### SOURCE INFORMATION
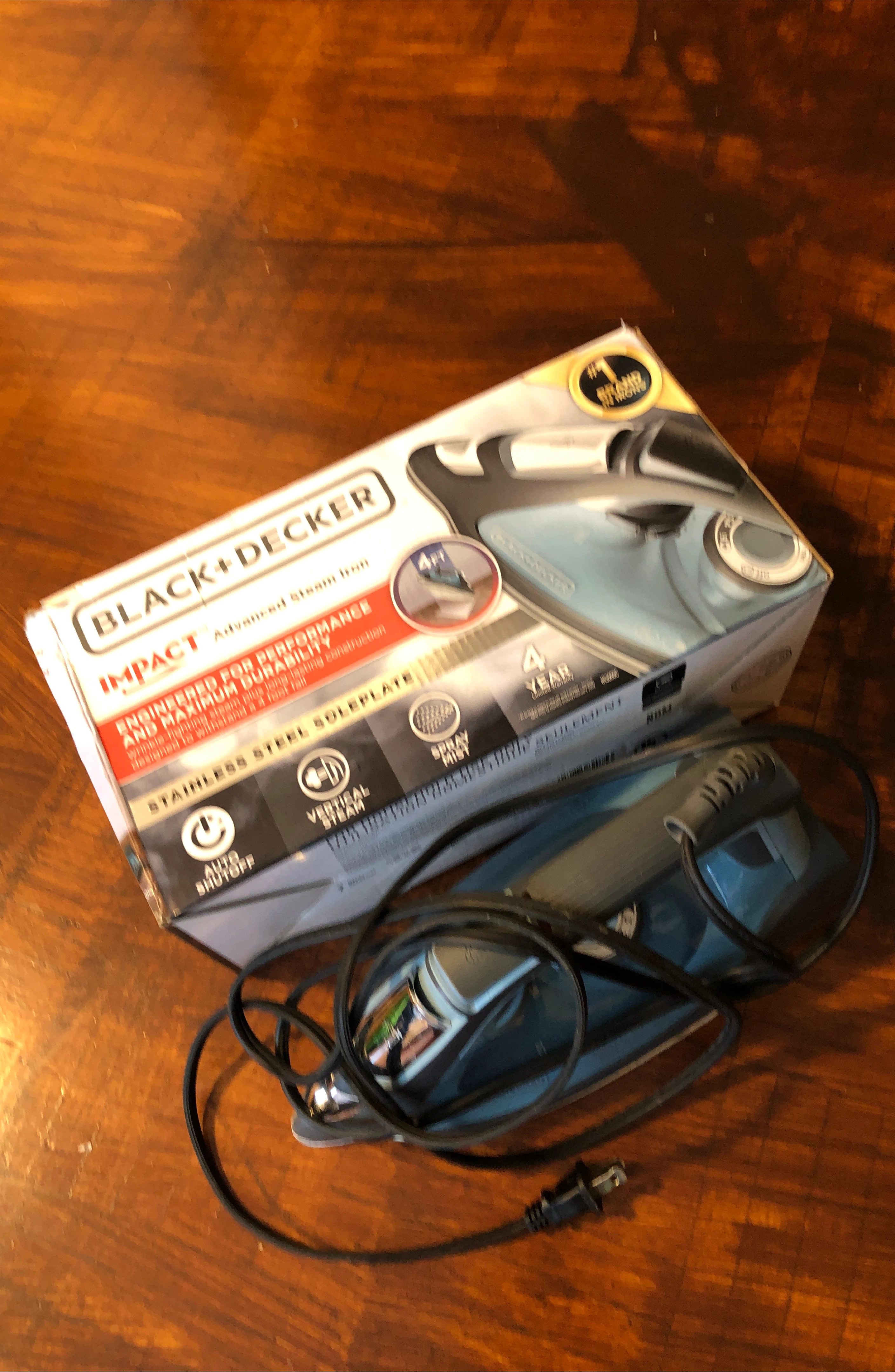 Selling a Black+Decker Impact Advanced Steam Iron. It's engineered for performance and maximum durability with a stainless steel soleplate. It also features vertical steam and auto shutoff. Comes with a 4-year limited warranty.
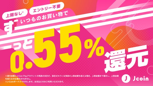 J-Coin Payの決済金額の0.55%をJ-Coinボーナスで還元します。
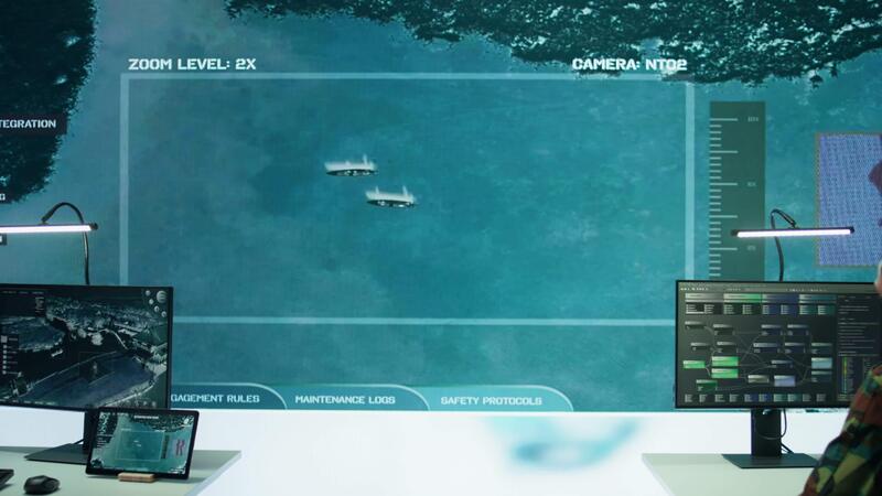 Military crew in a high tech operations command post managing information from radar cctv systems, real time data to support defense missions. Army protocols for national security. Camera B. Pro Video
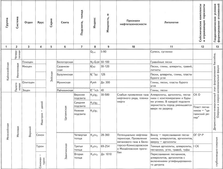 Цагаянская свита (Маастрихт - даний) покрывает всю Зея-Буреинскую впадину горизонтально залегающим плащом, который перекрывает размытую поверхность завитинской и поярковской свит, иногда кристаллический фундамент. Максимальную мощность достигает в центральной части бассейна (до 580 м). Имеет цикличное строение - разделяется на три подсвиты, отражающие отдельные седиментационные циклы. В каждой подсвите зернистость пород уменьшается вверх по разрезу от грубозернистых песчаников до глин. Сложена алевролитами, аргиллитами, песчаниками с конгломератами и бурыми углями. Отдельные пласты черных аргиллитов имеют мощность 3-48 м. Кровля определяется сейсмофациальным комплексом О. В нижнецагаянской подсвите пласт мелкозернистых песчаников - “цагаянский репер”. В верхней части верхнецагаянской подсвиты в юго-восточной части бассейна выделяются характерные кивдинские слои, ранее выделявшиеся в ранге свиты, содержащие мощные пласты бурого угля.
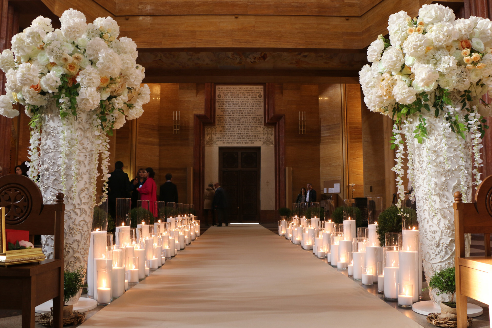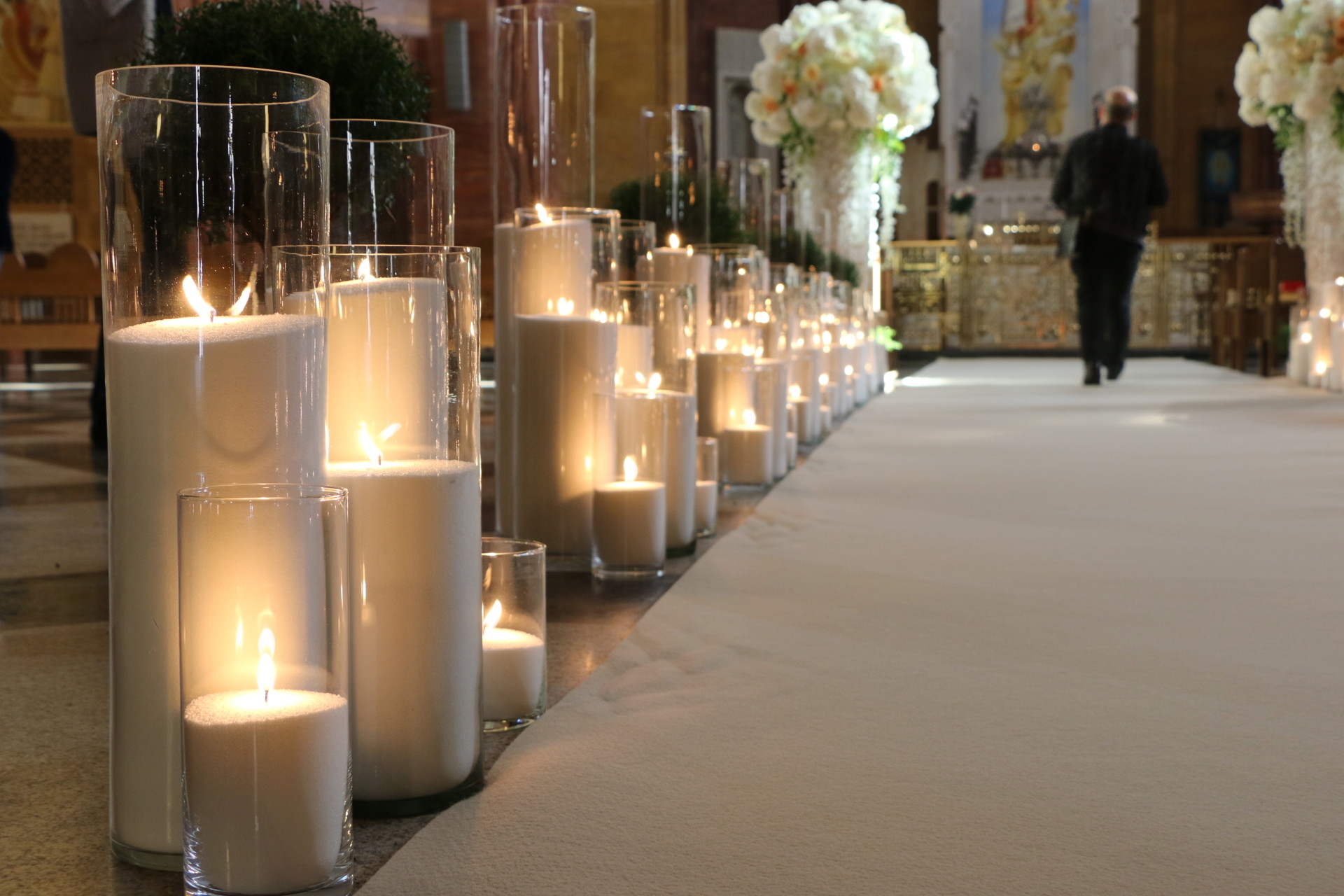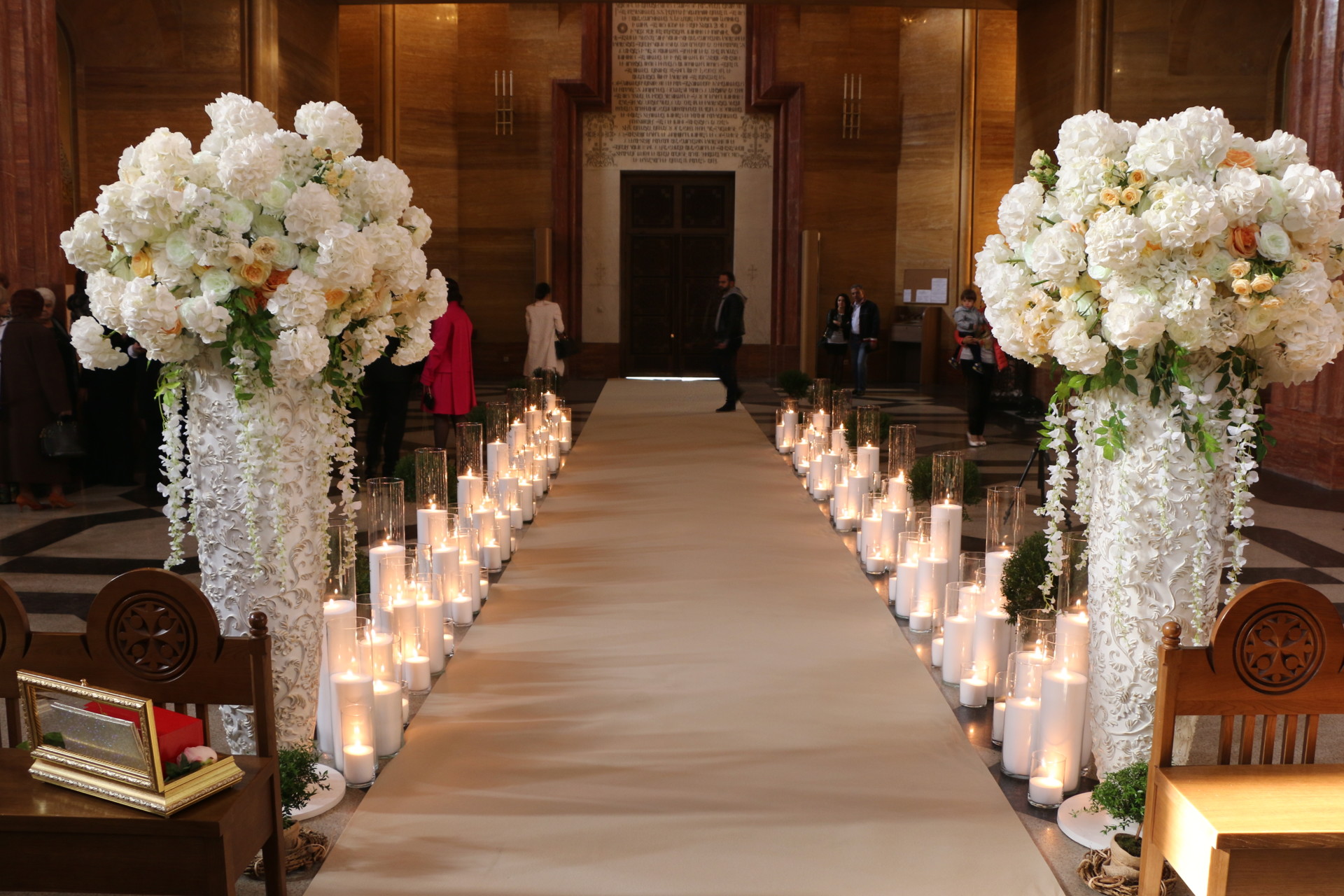 Декорирование дороги к алтарю свечами, цветами и декором. Длинна коридора 8,5 метров.
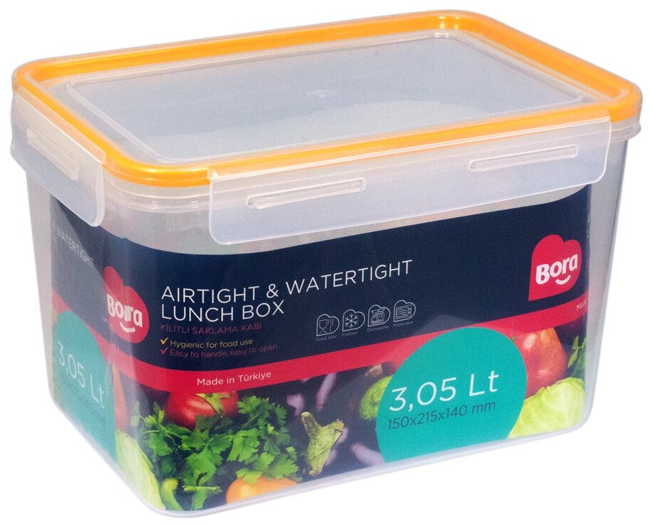 Контейнер герметичный прямоугольный 3.05л ДхШхВ 150х215х140 мм крышка на защелках полоса оранжевая пластик BORA 1 шт информация:
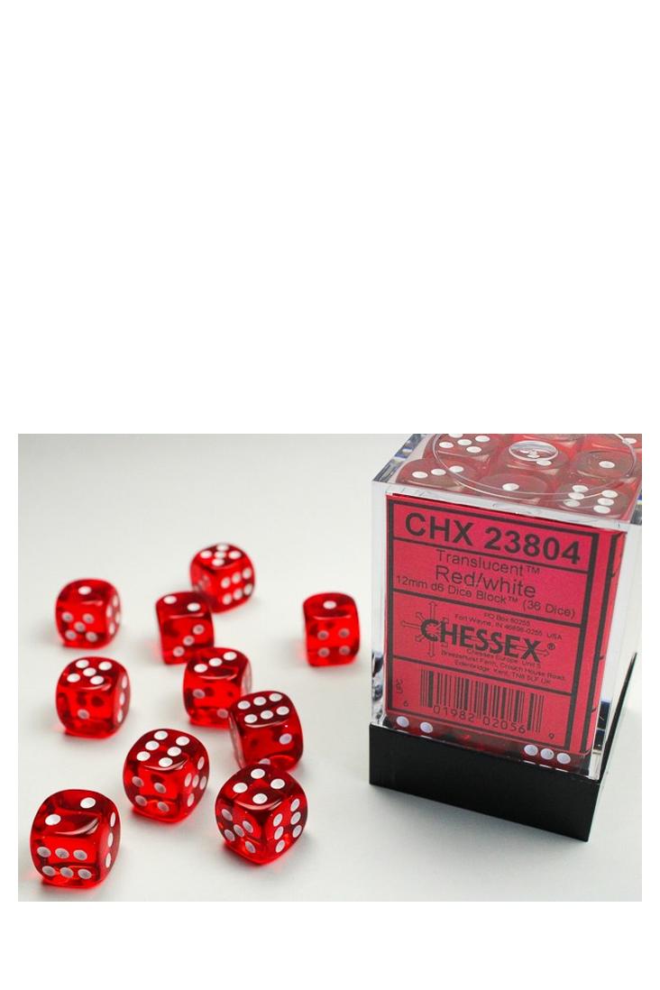 Produktspezifikationen zu 36er-Pack 12mm D6 Würfel - Translucent Red / White von Chessex:
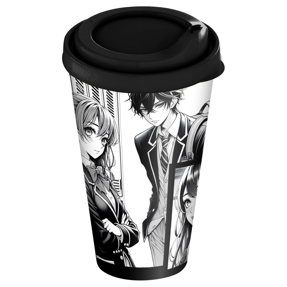 Стакан с крышкой 550мл с декором Аниме Черный (упаковка 24 шт.)
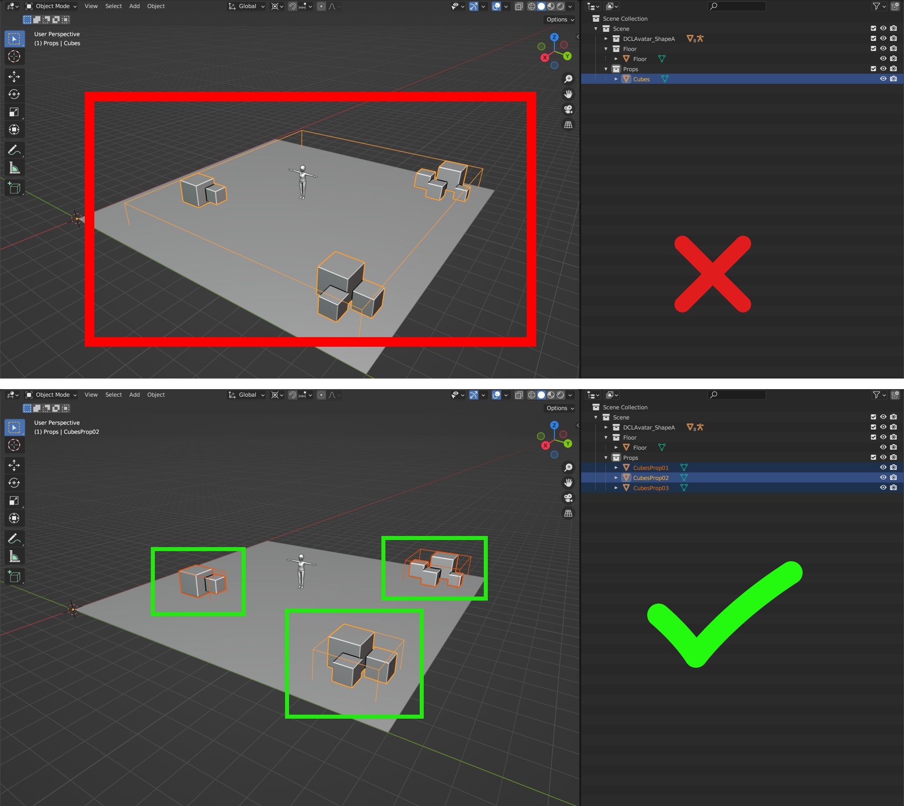 Every mesh has a bounding box, that surrounds the limits of the shape. To make a 3D model more usable inside Decentraland, make sure that its bounding boxes don’t extend beyond the model more than necessary.
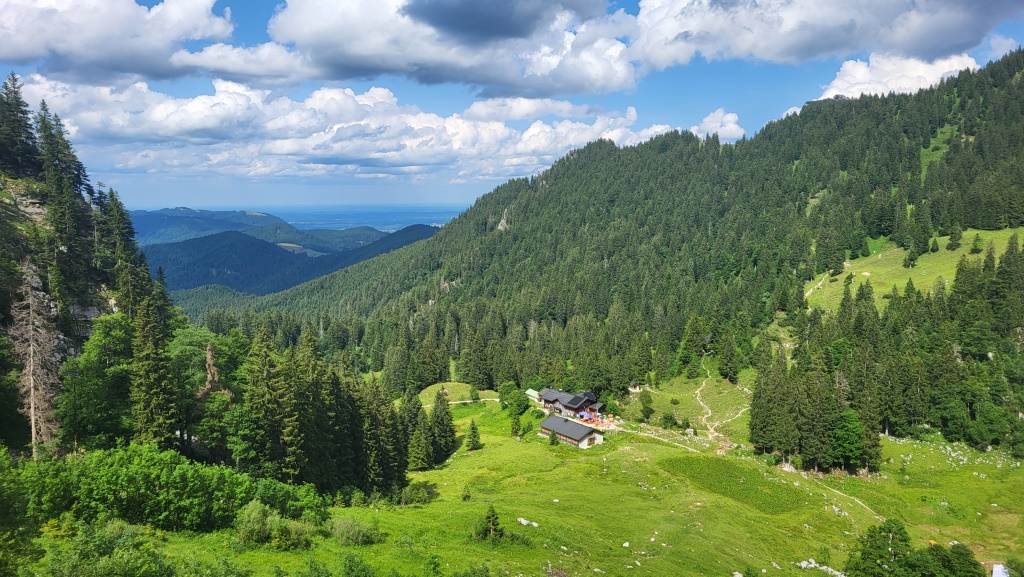 die Staffelalm ist wieder ein wichtiger Wanderweg Knotenpunkt. Am Horizont erkennen wir die Benediktenwand
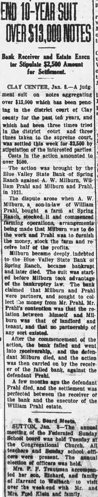 Bank Receiver and Estate Execu tor Stipulate $2,500 Amount for Settlement. CLAY CENTER, Jan. 8.-A judg ment suit on notes aggregating over $13,000 which has been pending in the district court of Clay county for the past ten years, and which had been three times tried in the district court and three times taken to the supreme court, was settled this week for $2,500 by stipulation of the Interested parties Costs in the action amounted to over $500. The action was brought by the Blue Valley State Bank of Spring Ranch against W. Milburn, WH liam Prahl and Milburn and Prahl, in 1921. The dispute arose when A. W Milburn, son-in-law of William Prahl, bought farm at Spring Ranch, stocked and farming operations, being made that Milburn was to do the work and Prahl was to furnish the money stock the farm and rehalf of the profits. Milburn became deeply indebted to the Blue Valley State Bank of Spring Ranch, became bankrupt and later died. The suit was started before Milburn took advantage of the bankruptey law. The bank claimed that Milburn and Prahl were partners, and sought to collect money from Mr. Prahl. Mr. Prahl's contention was that the relation between himself and Milburn was that of landlord and tenant, and that no partnership of any sort existed. After the commencement of the action, the bank failed and went into and the defendant Milburn died, and the action was then carried on by the receiv er of the falled bank, against the defendant few months ago the defendant Prahl died, and the settlement was perfected between the receiver of the bank and the executor of the William Prahl estate. SUTTON, Jan annual meeting of the Federated Sunday School board was held Tuesday at the Congregational Church. All teachers and Sunday school officera were present. The annual election of officers was held. Mrs. P. P. Trautmen ied her son, Richard, and family of Harvard to Wolbach visit over the with and Mrs. Fred Elein and family.

### WHAT IS REQUIRED
Reproduce the material exactly. Pictures stay out.

### RESPONSE TO THE TASK
 Selling a Black+Decker Impact Advanced Steam Iron. It's engineered for performance and maximum durability with a stainless steel soleplate. It also features vertical steam and auto shutoff. Comes with a 4-year limited warranty.
 J-Coin Payの決済金額の0.55%をJ-Coinボーナスで還元します。
 Military crew in a high tech operations command post managing information from radar cctv systems, real time data to support defense missions. Army protocols for national security. Camera B. Pro Video
 Цагаянская свита (Маастрихт - даний) покрывает всю Зея-Буреинскую впадину горизонтально залегающим плащом, который перекрывает размытую поверхность завитинской и поярковской свит, иногда кристаллический фундамент. Максимальную мощность достигает в центральной части бассейна (до 580 м). Имеет цикличное строение - разделяется на три подсвиты, отражающие отдельные седиментационные циклы. В каждой подсвите зернистость пород уменьшается вверх по разрезу от грубозернистых песчаников до глин. Сложена алевролитами, аргиллитами, песчаниками с конгломератами и бурыми углями. Отдельные пласты черных аргиллитов имеют мощность 3-48 м. Кровля определяется сейсмофациальным комплексом О. В нижнецагаянской подсвите пласт мелкозернистых песчаников - “цагаянский репер”. В верхней части верхнецагаянской подсвиты в юго-восточной части бассейна выделяются характерные кивдинские слои, ранее выделявшиеся в ранге свиты, содержащие мощные пласты бурого угля.
 Декорирование дороги к алтарю свечами, цветами и декором. Длинна коридора 8,5 метров.
 Контейнер герметичный прямоугольный 3.05л ДхШхВ 150х215х140 мм крышка на защелках полоса оранжевая пластик BORA 1 шт информация:
 Produktspezifikationen zu 36er-Pack 12mm D6 Würfel - Translucent Red / White von Chessex:
 Стакан с крышкой 550мл с декором Аниме Черный (упаковка 24 шт.)
 Every mesh has a bounding box, that surrounds the limits of the shape. To make a 3D model more usable inside Decentraland, make sure that its bounding boxes don’t extend beyond the model more than necessary.
 die Staffelalm ist wieder ein wichtiger Wanderweg Knotenpunkt. Am Horizont erkennen wir die Benediktenwand
 Bank Receiver and Estate Execu tor Stipulate $2,500 Amount for Settlement. CLAY CENTER, Jan. 8.-A judg ment suit on notes aggregating over $13,000 which has been pending in the district court of Clay county for the past ten years, and which had been three times tried in the district court and three times taken to the supreme court, was settled this week for $2,500 by stipulation of the Interested parties Costs in the action amounted to over $500. The action was brought by the Blue Valley State Bank of Spring Ranch against W. Milburn, WH liam Prahl and Milburn and Prahl, in 1921. The dispute arose when A. W Milburn, son-in-law of William Prahl, bought farm at Spring Ranch, stocked and farming operations, being made that Milburn was to do the work and Prahl was to furnish the money stock the farm and rehalf of the profits. Milburn became deeply indebted to the Blue Valley State Bank of Spring Ranch, became bankrupt and later died. The suit was started before Milburn took advantage of the bankruptey law. The bank claimed that Milburn and Prahl were partners, and sought to collect money from Mr. Prahl. Mr. Prahl's contention was that the relation between himself and Milburn was that of landlord and tenant, and that no partnership of any sort existed. After the commencement of the action, the bank failed and went into and the defendant Milburn died, and the action was then carried on by the receiv er of the falled bank, against the defendant few months ago the defendant Prahl died, and the settlement was perfected between the receiver of the bank and the executor of the William Prahl estate. SUTTON, Jan annual meeting of the Federated Sunday School board was held Tuesday at the Congregational Church. All teachers and Sunday school officera were present. The annual election of officers was held. Mrs. P. P. Trautmen ied her son, Richard, and family of Harvard to Wolbach visit over the with and Mrs. Fred Elein and family.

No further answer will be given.